Another gauge, the CFTC’s S&P 500 non-traded net futures, also shows an extremely negative outlook, having reached levels last seen during the downturns of 2008, 2011, 2015 and 2020. The sentiment is often seen that grim as a contrarian indicator, indicating a relapse. .
“Strong earnings, low investor positioning and well-entrenched long-term inflation expectations should moderate any decline in risk assets from here,” JPMorgan Chase & Co strategists, led by Marko Kolanovic, said in a note on Monday.
Market technicals may be showing that a bottom is near, especially for technology shares. The tech-heavy Nasdaq 100 has fallen 27% this year, and about 16% of its constituents are currently trading just above their 200-day moving average.
Analysis shows that this type of technical breadth has been very weak at the same time as previous market bottoms — except for 2008.
Not everyone is confident that a rally is imminent. US equity valuations remain elevated relative to history and previous economic downturns, keeping some investors wary of increased exposure as the Fed continues to raise rates.

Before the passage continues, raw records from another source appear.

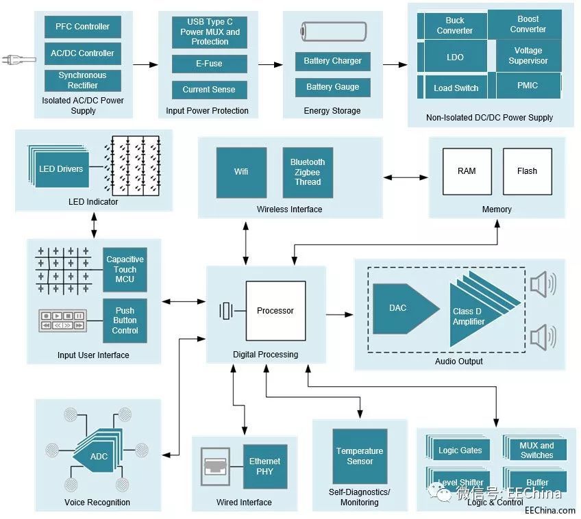 但相比于與互聯(lián)網(wǎng)接口結(jié)合使用的麥克風(fēng)和揚聲器, 這些外形看似簡單的設(shè)備往往更復(fù)雜。智能音箱包含許多電子功能,這些功能均通過采用數(shù)十種復(fù)雜的集成電路(IC) 來實現(xiàn)。原始設(shè)備制造商 (OEM) 憑借差異化產(chǎn)品進入智能揚聲器市場,他們必須決定要提供哪些設(shè)備、如何進行提供以及此類小型低功耗設(shè)備中可采用的折衷方案。
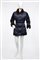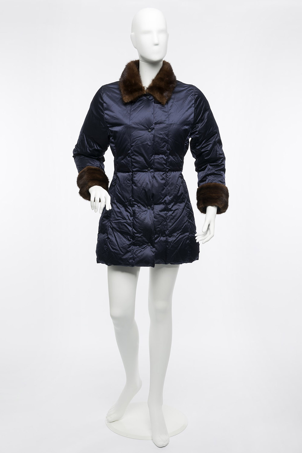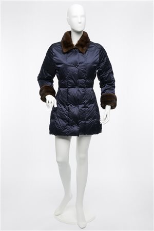 Moncler: giaccone piumino blu con bordature in visone, tg 40
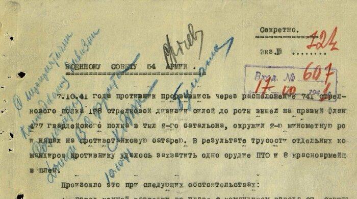 Упомянуты в рапорте — по-разному проявившие себя бойцы Сафонов, Лобачев и Шлык, восемь красноармейцев, взятых немцами в плен вместе в орудием, и трое бойцов, допустивших трусость и панику. Эти трое были расстреляны 10 октября по приговору военного трибунала.
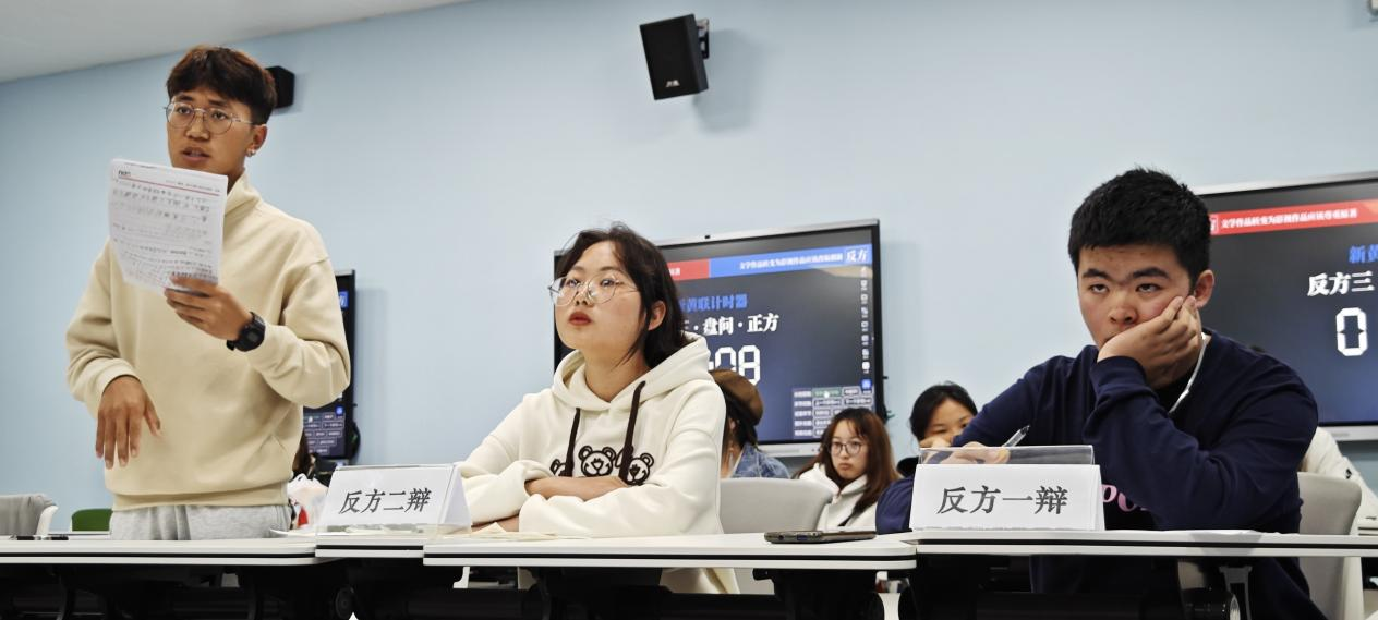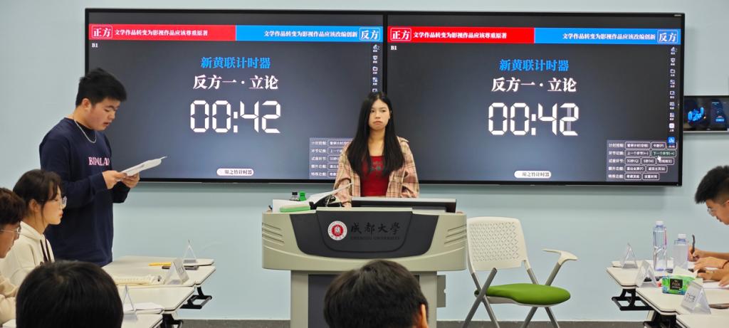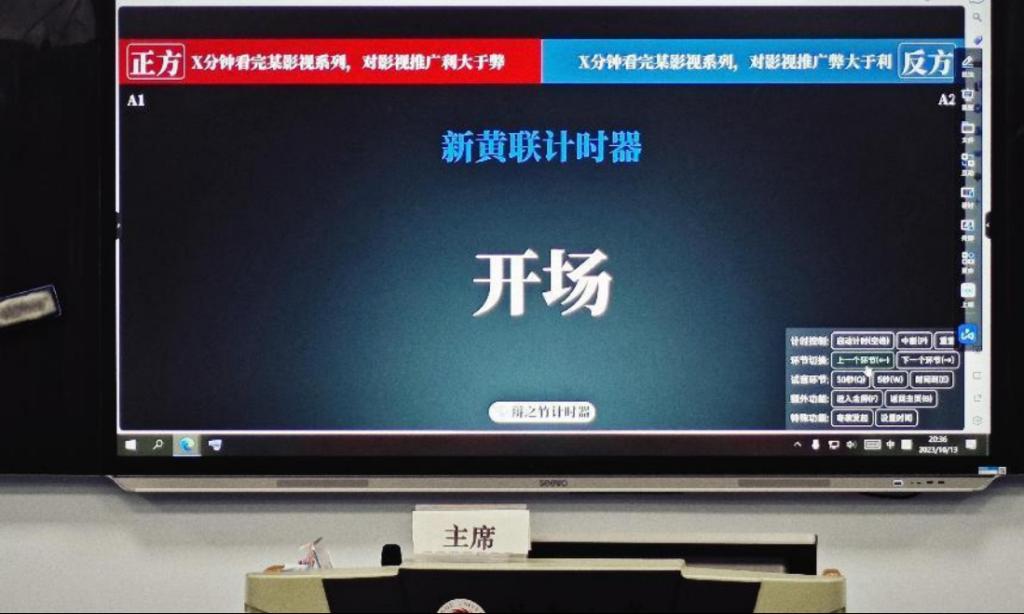 正方23级环工2班与反方23级建筑2班就“文学作品转化为影视作品应该尊重原著/改变创新”与正方23级环工1班与反方土木23级6班就“X分钟看完某影视系列对影视推广利大于弊/弊大于利”分别于13215与13219教室展开了激情辩论。
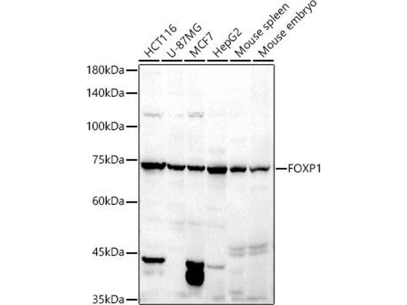- This gene belongs to subfamily P of the forkhead box (FOX) transcription factor family. Forkhead box transcription factors play important roles in the regulation of tissue- and cell type-specific gene transcription during both development and adulthood. Forkhead box P1 protein contains both DNA-binding- and protein-protein binding-domains. This gene may act as a tumor suppressor as it is lost in several tumor types and maps to a chromosomal region (3p14.1) reported to contain a tumor suppressor gene(s). Alternative splicing results in multiple transcript variants encoding different isoforms.,FOXP1,12CC4,HSPC215,MFH,QRF1,hFKH1B,Epigenetics & Nuclear Signaling,Cancer,Tumor suppressors,FOXP1
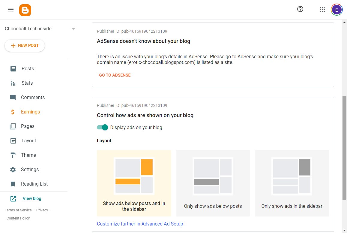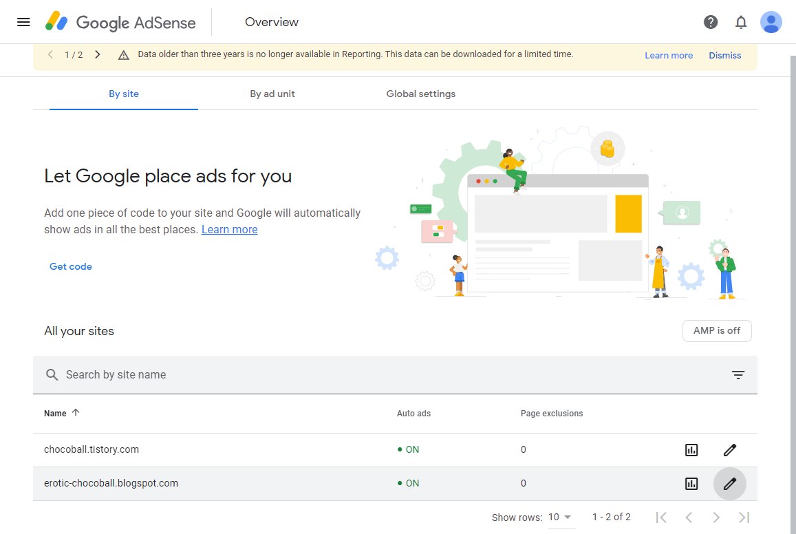 사이트에 가서 광고 노출에 대한 설정을 하라고 안내해 줍니다.
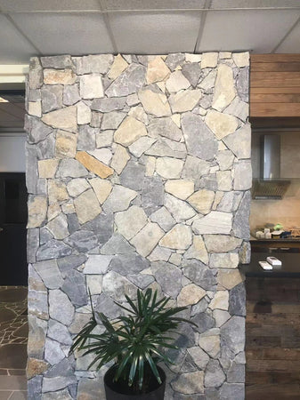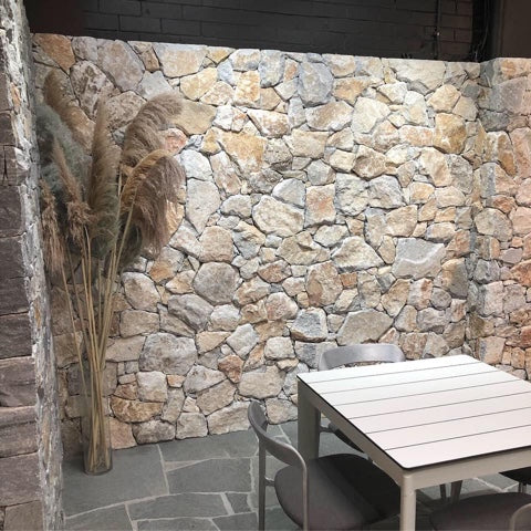 Manufactured from high-quality natural stone, Vari Stone features larger individual pieces that range in diameter, allowing for a more expressive and authentic stone aesthetic. The variation in shape, size, and thickness creates depth and shadow, making it particularly suited to expansive feature walls where scale and texture are essential.
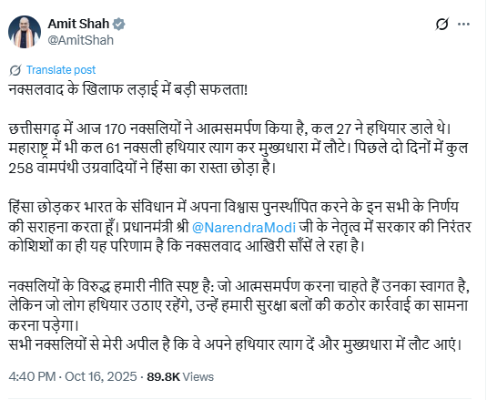 इस सरेंडर कार्यक्रम से एक दिन पहले केंद्रीय गृह मंत्री अमित शाह ने अबूझमाड़ और उत्तरी बस्तर को नक्सली आतंक से मुक्त घोषित कर दिया था। अमित शाह ने एक्स पर पोस्ट करते हुए इसकी घोषणा की थी।
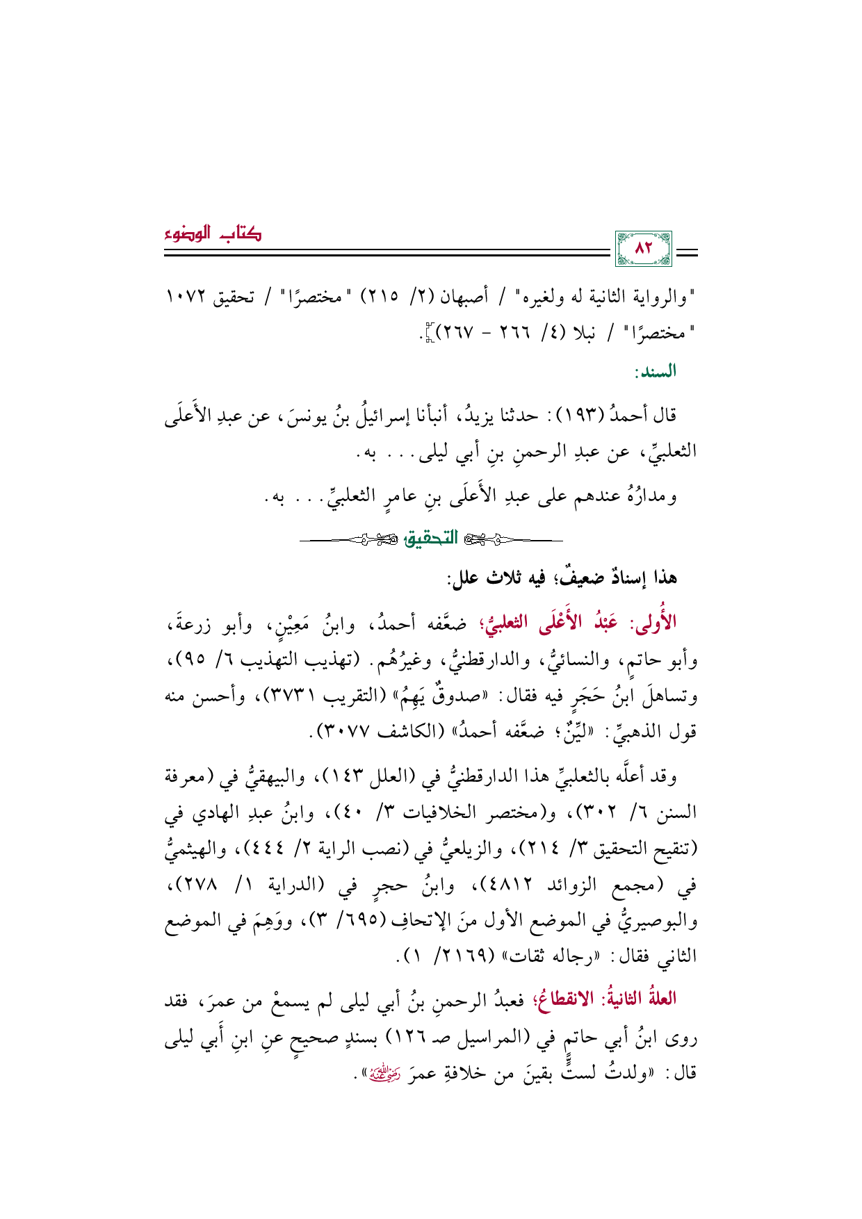قال أحمدُ (١٩٣): حدثنا يزيدُ، أنبأنا إسرائيلُ بنُ يونسَ، عن عبدِ الأَعلَى الثعلبيِّ، عن عبدِ الرحمنِ بنِ أبي ليلى ... به.
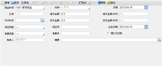 【主要功能】手工登记现金日记账功能。现金日记账新增页面如下图所示。
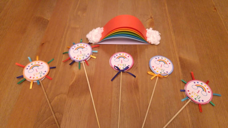 Ещё плакатик А4 С Днём Рождения в стиле Радуга, как топперы.
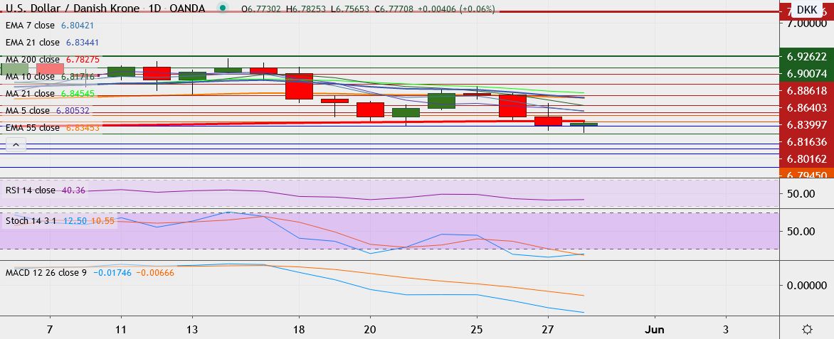 - USD/DKK is trading 0.1 percent up at 6.7795, having hit low of 6.7565 earlier, its lowest since March 31.
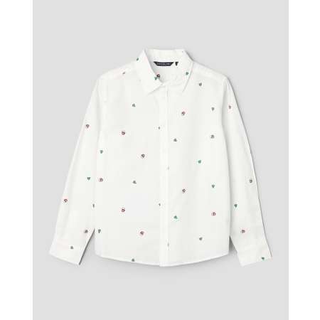 Белая новогодняя рубашка для мальчика Orsolini с цветным принтом.

“We expect a policy over-tightening that will lead to a recession,” said Wei Li, BlackRock Inc.’s chief global investment strategist. in a note on Monday. She has an underweight tactical position on equities, as “recession risks have not yet been factored in.”
According to Nomura quant analyst Yoshitaka Suda, supply-demand dynamics among speculative investors are setting up US equities for softer, with macro funds taking short positions immediately after the latest US inflation data. Macro funds will “remain on the short side in US equities at least until employment data is released” on Oct. 7, Suda said in a note.